When I was a CS&E student, I ranted about universities choosing to pick FancyLanguageOfTheDay as the language of discourse for introductory programming, because that’s the sort of thing I expect from a trade school, not from an institute of higher learning,
But, I also expect that institutes of higher learning do things like cognitive studies of “bets code organisation for review”, “defects avoided by code review” and other things like that, which would then probably feed back into introductory programming courses,
I think for either way, C taught like it was 40 years ago is a waste of time.

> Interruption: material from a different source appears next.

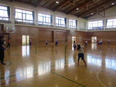 体育館では、バドミントンクラブが思い切り体を動かしていました。3分の時間制限を設けて、ローテーションでいろいろな友達と対戦するようにしていました。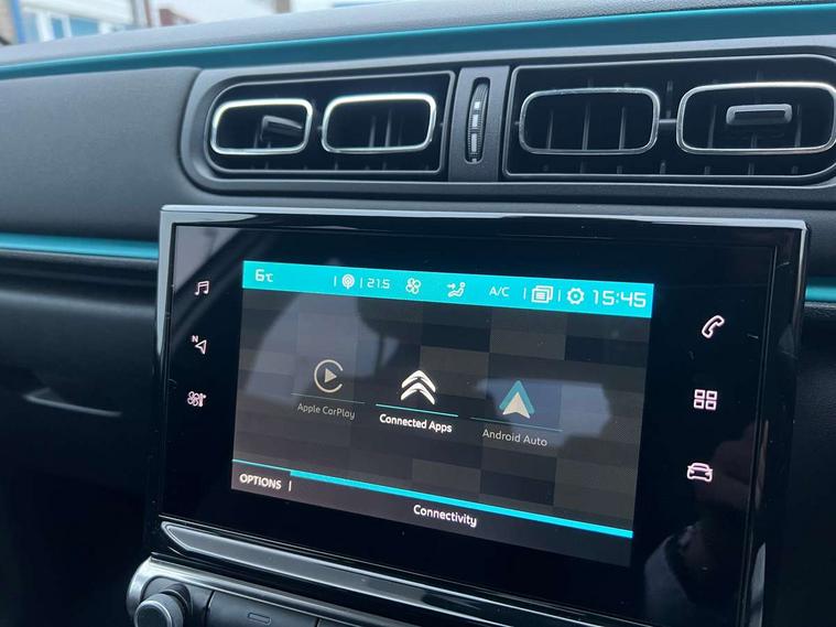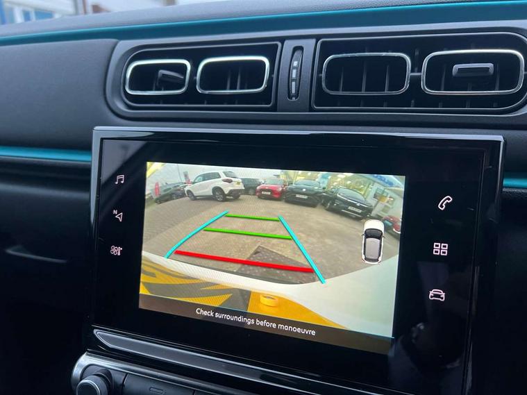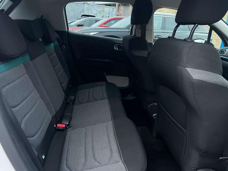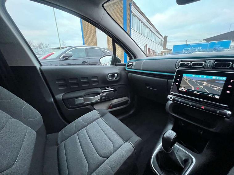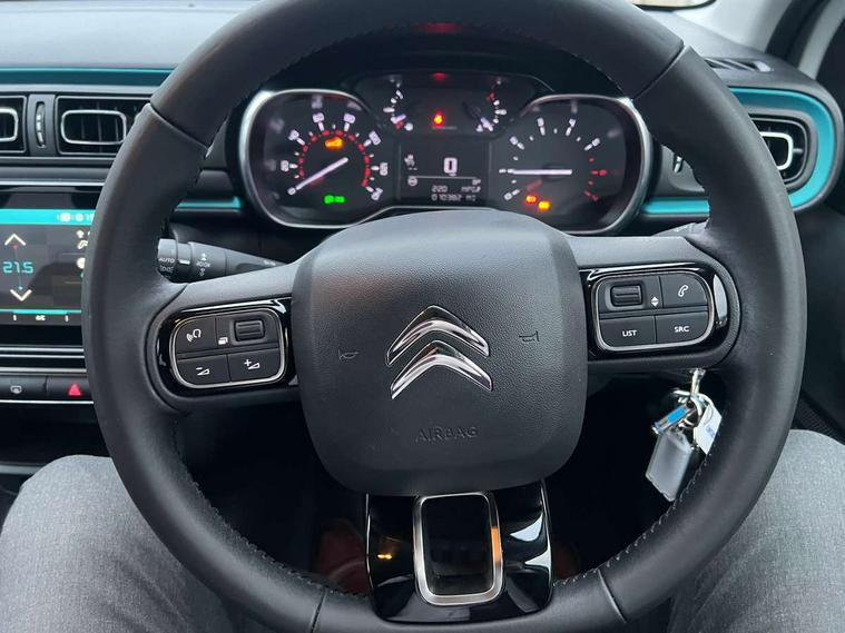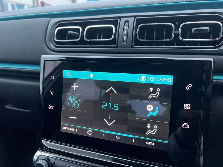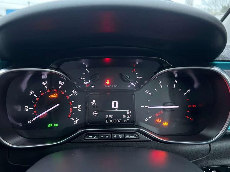 Citroen connect box emergency and assistance system, Citroen connected nav with DAB, 6 speakers, 7" captive touch screen, mirror screen includes apple carplay/android auto and bluetooth, Coffee Break Alert, Cruise control + speed limiter, eCall emergency call system, Exterior temperature display, Multi function trip computer, Reversing camera, Satin chrome surround instrument cluster with white LCD and analogue gauges, Variable assistance power steering, USB connection, 3D rear light signature, Airbump on side door panel, Auto dimming electrochrome rear view mirror, Auto headlights, Automatic activation of hazard warning lights, Body colour bumpers, Body colour door handles, Chrome decoration on front face, under chevrons and around daytime running lights, Citroen illuminated signature in LED headlights and LED daytime running lights, Dark tinted tailgate and rear side windows, Electric folding and heated door mirrors, Fog lights integrated into front bumper, Front sequential electric windows with one-touch open/close and anti-pinch system, Gloss black finish B pillar, LED Headlights, LED third brake light, Rear sequential electric windows with one-touch open/close and anti-pinch system, Rear side wing doors, Rear windscreen wiper with intermittent mode linked to vehicle speed and automatic activation when reverse gear selected, Roof colour rear view mirror caps, Variable front intermittent wipers, 1/3 to 2/3 split folding rear seat, 12V socket, 3 seat bench in 2nd row, Automatic air conditioning, Boot light, Cloth/leather effect upholstery, Driver and passenger's sun visor with courtesy mirror, Driver's central armrest, Driver's seat height adjustment, Front lighting panel with map reading lights, Front seats adjustable with forward back slide and adjustable backrest, Height adjustable front head restraints, Height/reach adjust steering wheel, ISOFIX mounting on outer rear seats with top tether and labels indicating fixing points, Leather steering wheel with gloss black + satin chrome elements and audio/telephone controls, Leather trimmed gear lever with leather effect gaiter and overstitching, Map pockets in back of driver and front passenger seats, Parcel shelf, Seatbelt unfastened on the move audible and visual alert for front and rear seats, Single front passenger seat, Storage space under touchscreen with rubber mat, Three rear headrests, Upholstered armrest in front and rear doors, Safety pack 1 - C3, Safety pack 2 - C3, Visibility pack with automatic lights - C3, ABS with Electronic brakeforce distribution and Emergency braking assistance, Driver and front passenger seatbelts with pyrotechnic pretensioners and force limiters, Driver's airbag, Electric child locks, ESP with anti skid system, Front passenger airbag, Front passenger airbag deactivation, Front side airbags + front/rear curtain airbags, Hill start assist, Manual parking brake with leather handle and chrome finish button, Mono-tone horn, Outer rear seats with pretensioners and force limiters, Three rear 3-point seatbelts, Tyre pressure monitoring system, Anti theft alarm, Automatic door and boot locking when moving off with automatic unlocking in case of impact, Central locking with locked indicator and interior one touch lock button, Immobiliser, Remote control central locking with two plip keys, 17" Vector diamond cut alloy wheels, Tyre puncture repair kit,

Whether you’re trying to get people into theoretical CS or into the industry. For the industry, these courses are dangerous as they teach the wrong way to do things. For theoretical, because they don’t actually get to figure out the improvements that theory and industry made in those 40 years. To compare it to physics, are they still teaching introductory courses using the cubical atom model?
I’m not expecting them to go and start teaching JavaScript, because that’s what the industry uses now. But I’d also like for them to get on with progress on how modern computer works. Which they kind of did by using clang and Cloud9 on an x86-64 VM. But then decided to throw all of that away by describing the old linear memory layout.
I think it would have been fairer to just go and use an invented, or subset, language, so that it doesn’t even suggest reusability in the industry. It’s kind of like when I used to use Blackfin assembly to explain generated code, because freaking Intel assembly is too complicated to understand even for me.
Yep, I expect there to be a feedback loop. As new things get discovered, as new knowledge is gained, as standards change, …
To some extent, I am OK with introductory courses using slightly outdated standards, but plain K&R C is clearly not acceptable in a modern “introduction to C”, I’d probably think a 2-5 year lag from “standardised” to “used” is an acceptable lag.
I think what sent me off on the academia/industry tangent and “what is it for” was your comment that professionals are not pushing back enough. And pretty much all cases I’ve seen of that happening is that you end up with an “introduction to hype-language-of-the-year” instead of a decent exemplar language for the type of programming you’re making an introduction to (imperative, OO, functional, declarative, I am probably missing a few paradigms).
I guess I have an expectation that professionals should have learnt to choose their target when writing docs (or courses).
Professionals can still point out “this is dangerous to teach” even without going for the latest trendy option.
Such as teaching that heap and stack can meet.
I think it’s fine that glibc doesn’t implement the “safe” functions. Like strlcpy and friends they are deceptive in that they look like they should solve the problem, but they don’t. They just become more subtle.
I disagree, I find their failure modes more blunt, rather than subtle. But that’s at this point up for taste.
String processing in C will never be safe.